This reflects the transmission of policy rates on liabilities as the banking regulator lowered repo rate and cash reserve ratio by 100 basis points each, which prompted banks to lower interest rates on deposits.
Loans linked to external benchmark rates also fell immediately after RBI cut rates, reflecting transmission of policy rate. Nearly 63% of loans are linked to external benchmarks such as repo rate.
Interest rates on term deposits above 7% significantly dropped to 54% by September, down from 73% in March, as banks lowered rates following RBI’s policy cuts. Loans linked to external benchmarks also saw immediate rate reductions. Public sector banks’ deposit share increased, while Maharashtra led in deposit mobilization.
The RBI data showed that 64% of deposits were contracted at a rate below 7% and 5% were contracted at a rate above 8% as of September.
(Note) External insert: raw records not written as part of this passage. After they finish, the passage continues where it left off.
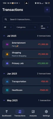 உங்களுக்குத் தேவையான பரிவர்த்தனையை விரைவாகக் கண்டறிய, தேதி, வகை அல்லது தொகை அடிப்படையில் தேடல் மற்றும் வடிகட்டுதல் வசதிகள் உள்ளன. காப்பகப்படுத்துதல், பகிர்தல் அல்லது மேலதிக ஆய்விற்காக PDF அல்லது Excel அறிக்கைகளை எளிதாக உருவாக்கலாம். உங்கள் சாதனத்தின் தீமிற்கு ஏற்ப மாறும் ஒளி மற்றும் இருண்ட முறைகள், எந்த நேரத்திலும் கண்களுக்கு இதமான அனுபவத்தை உறுதி செய்கின்றன. விளம்பரமற்ற நிதி மேலாண்மை, வரவுசெலவுத் திட்டங்களைக் கண்காணிக்கும் மாணவர்கள், குடும்பங்கள் மற்றும் தனிநபர்கள், தனிப்பயனாக்கக்கூடிய பகுப்பாய்வுகளை விரும்புவோர் மற்றும் தெளிவான, உடனடி நிதி நுண்ணறிவுகளை எதிர்பார்க்கும் குறைந்தபட்ச வடிவமைப்பு ஆர்வலர்கள் என அனைவருக்கும் இந்த செயலி ஓர் அத்தியாவசிய கருவியாகும்.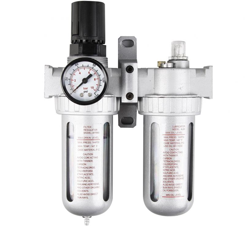 Контроль выходного давления – визуально по стрелке манометра. Влагоотделитель предназначен для автоматического удаления воды из пневмосистемы. Влагоотделитель предотвращает развитие коррозии внутри корпуса пневмоинструмента и как следствие значительное увеличение его срока службы. Лубрикатор, входящий в комплект поставки необходим для подачи жидкой смазки непосредственно в корпус пневмоинструмента. Смазка пневмоинструмента с помощью лубрикатора кратно увеличит срок службы!!! Только не забывайте добавлять смазку в стакан лубрикатора!!!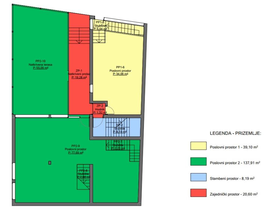 PRIZEMLJE: sastoji se od stubišta i poslovnog prostora, ukupne neto korisne površine 39,10 m2.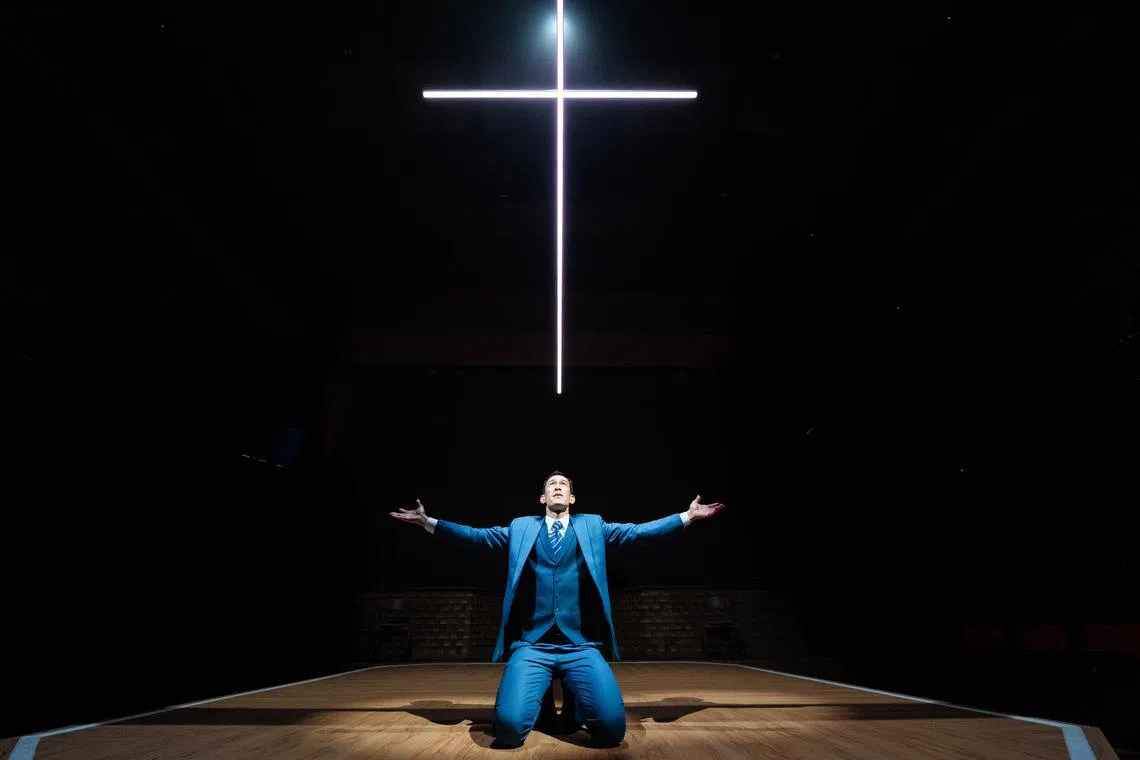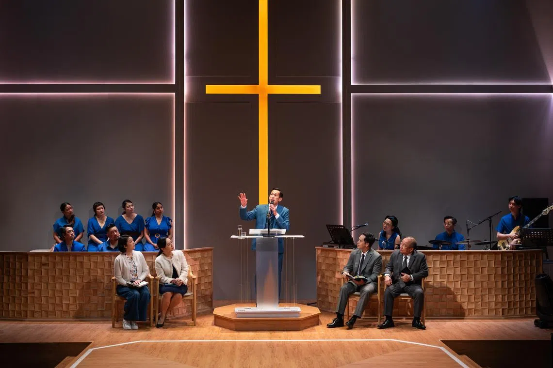 Director Glen Goei – who spoke to The Straits Times about how he almost devoted his life to full-time church ministry – choreographs a pitch-perfect Sunday service. Audiences are welcomed in with an ongoing pre-show set by an ever-present seven-piece choir and three-piece band who are all in matching cerulean and leading the congregation in worship.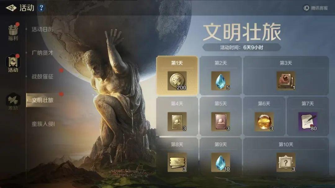 活动地址:通过游戏主界面右上角「活动」-「文明壮旅」参与;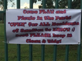 Charles is determined to not allow his father’s vision for the park to be undermined. He has made massive signs on which he has written: ‘Come play and picnic in the park. Open for all residents of Sandton to enjoy. Just please keep it clean and tidy’.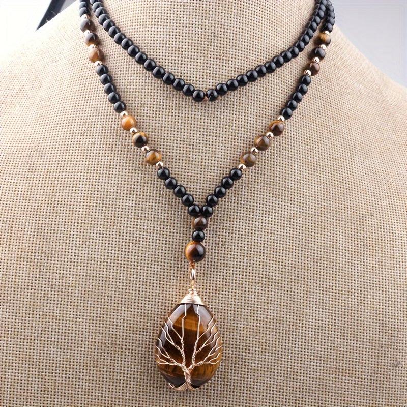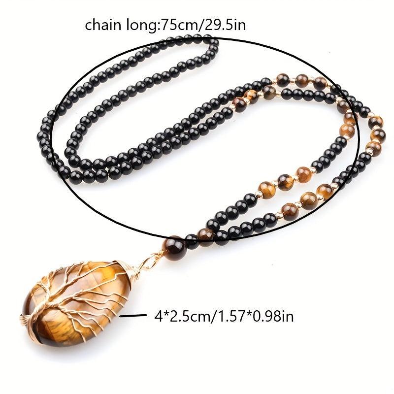 Handcrafted beaded necklace featuring Tiger's Eye tree of life pendant with Amber accents.

Share of term deposits of ₹1 crore and above grew 12.3% on a year-on-year basis in September 2025 and their share stood at 45.6% comparedwith 45.3% a year ago.
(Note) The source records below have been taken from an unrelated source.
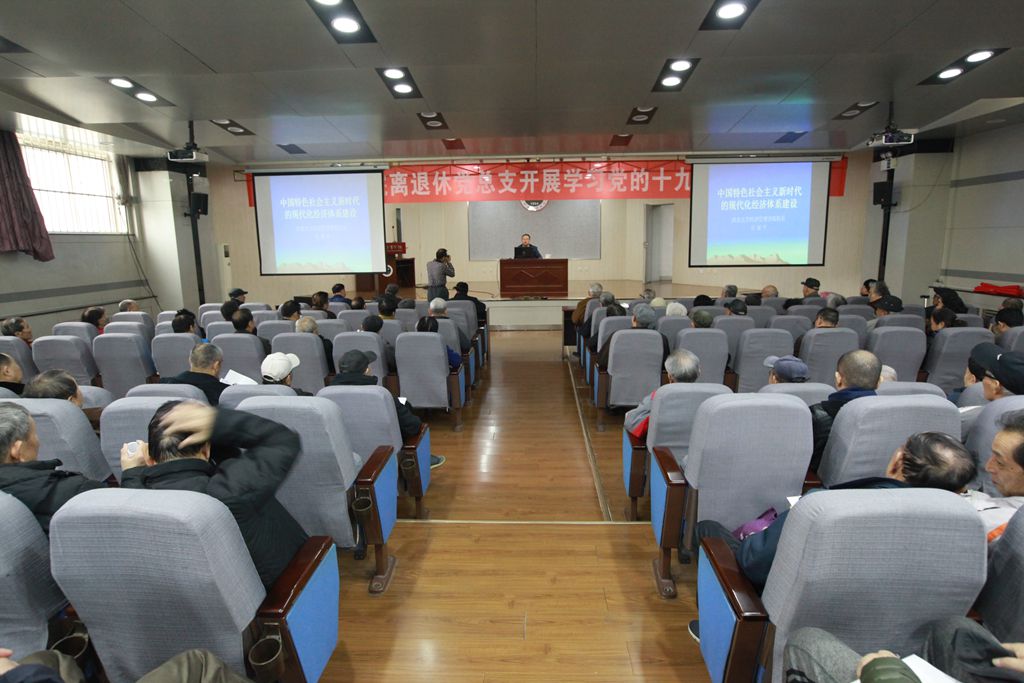 2017年12月12日下午三时,在学院教学楼一楼报告厅,离退休党总支组织全体党员听取了陕西省党的十九大精神宣讲团成员,西北大学经管院院长任宝平教授讲授“中国特色社会主义新时代经济建设基本构思”,报告会进行近两个小时,离退休党员同志全神贯注,认真听取,很多老党员还紧跟课件认真笔记,报告会真正让党员明白了党的十九大精神的基本框架和核心。会后,党员们普遍反映任教授的报告是一次高质量、高水平的报告会,更是一场生动和精彩的报告会,会后,各党支部分头组织党员同志在教学楼前合影留念。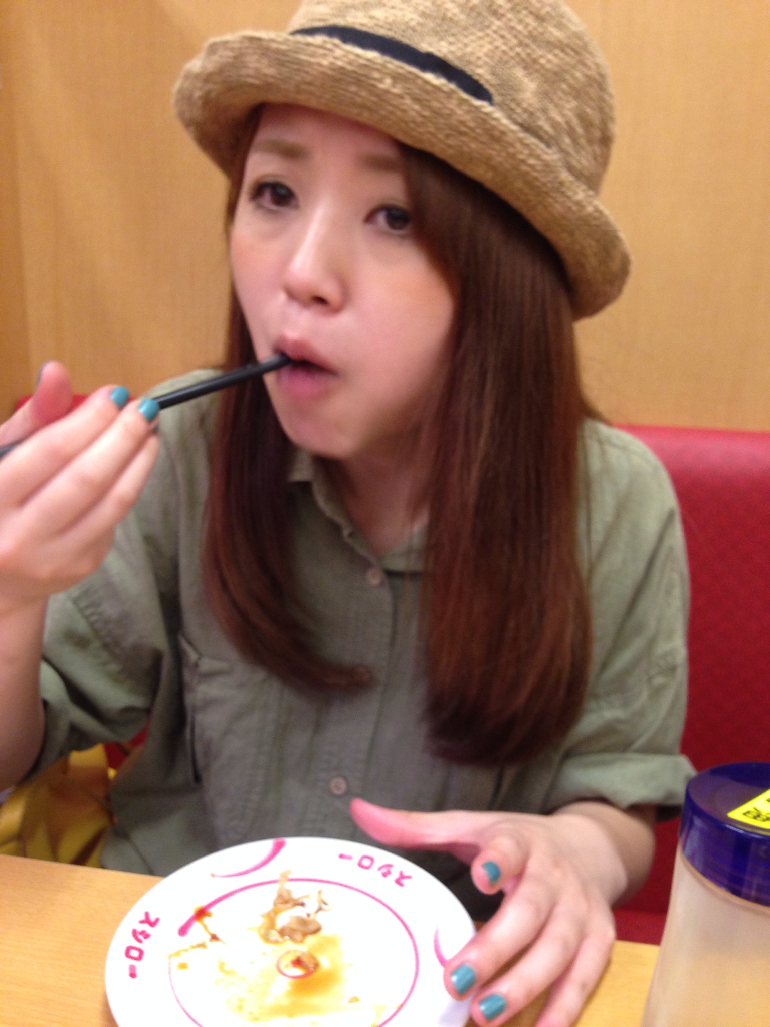 流れてるスシーを取る時の姿勢が気持ち悪かったみたいです(°_°)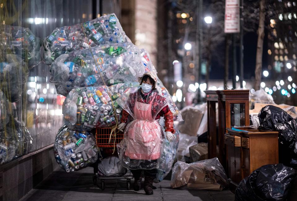 TOPSHOT – A woman wearing a face mask and a plastic bag pulls a cart loaded with bags of recyclables … [+]

The data showed that 69.8% of term deposits were held under the original maturity bucket of ‘one to three years’ against 66.8% a year ago and 20% of term deposits were held under maturity period up to one year.
Public sector banks‘ share of deposits rose to 57.6% in September from 57.3% a quarter ago partly because deposit growth declined for private banks.
PSU banks saw 9.6% growth in deposits on a year-on-year basis while for private banks, deposits grew 10% in September compared with 15.1% a year ago.
Among states, Maharashtra accounted for the highest share of deposits mobilised at 16.5%. Maharashtra, Uttar Pradesh, Karnataka, NCR of Delhi, Tamil Nadu and West Bengal jointly accounted for 54.2% of household deposits in September.
The data also showed that the share of savings accounts remained steady at 28.4% since March, while the share of current accounts fell from 10.1% in March to 9.3% as of September 30. The share of term deposits rose to 62.3% from 61.4% a year ago.